Anathema – A Fine Day to Exit – Review

Anathema

A Fine Day to Exit (Koch)
by Martin Popoff

There was furtive, furrowed brow discussion with respect to whether Anathema was even part of a metalhead’s food for thought after a shared consortium meander through the band’s brooding new Radiohead-trip album A Fine Day To Exit. Indeed, no band has ever moved farther afield from their original sound within this genre we love, and possibly even outside of it. But it is Anathema’s death roots that potentially coil around the hearts of a wizened noise consumer who might deem it a worthy pastime to read our ramblings. Or maybe not, given the nearly unrecognizable acoustic alt-rock postures and understandings pervading every song on here. But the difference is the convincing nature of the album’s darkness (only ex-doomers could sound so down), as well as the deft navigation of the guitar in its many moods, even if the metal is only the occasional brief swell of behaved noise.

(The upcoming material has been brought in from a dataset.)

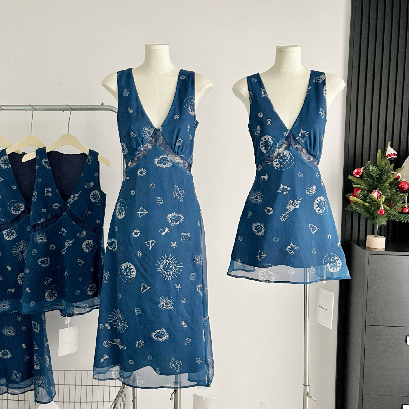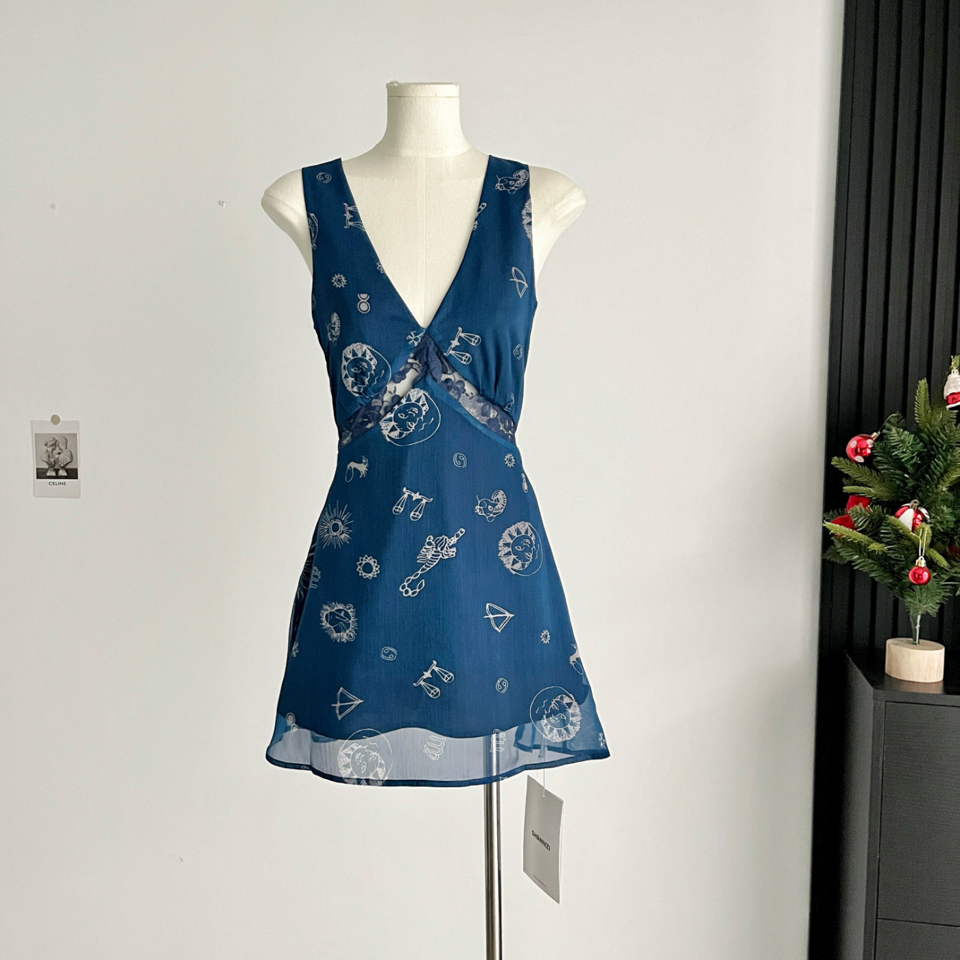 "Xinxing" 시칠리아, 여성 허리 슬림 A 자 모양의 긴 원피스 원피스 레트로 V-Neck 조끼스토어 가기

S’funny: From a metal point of view (which, if Koch doesn’t market this properly, is going to be the only view the album will see), you’re going to hear clarion cries of genius, punctuated by the deafening silence and alienated glassy stares of those who can no longer relate. Put me in the former camp (begrudgingly: A band isn’t automatically supra-intelligent because they arrive here from there), myself a listener of tons of acoustic music. But man, I can understand those who lament that we’ve lost another one.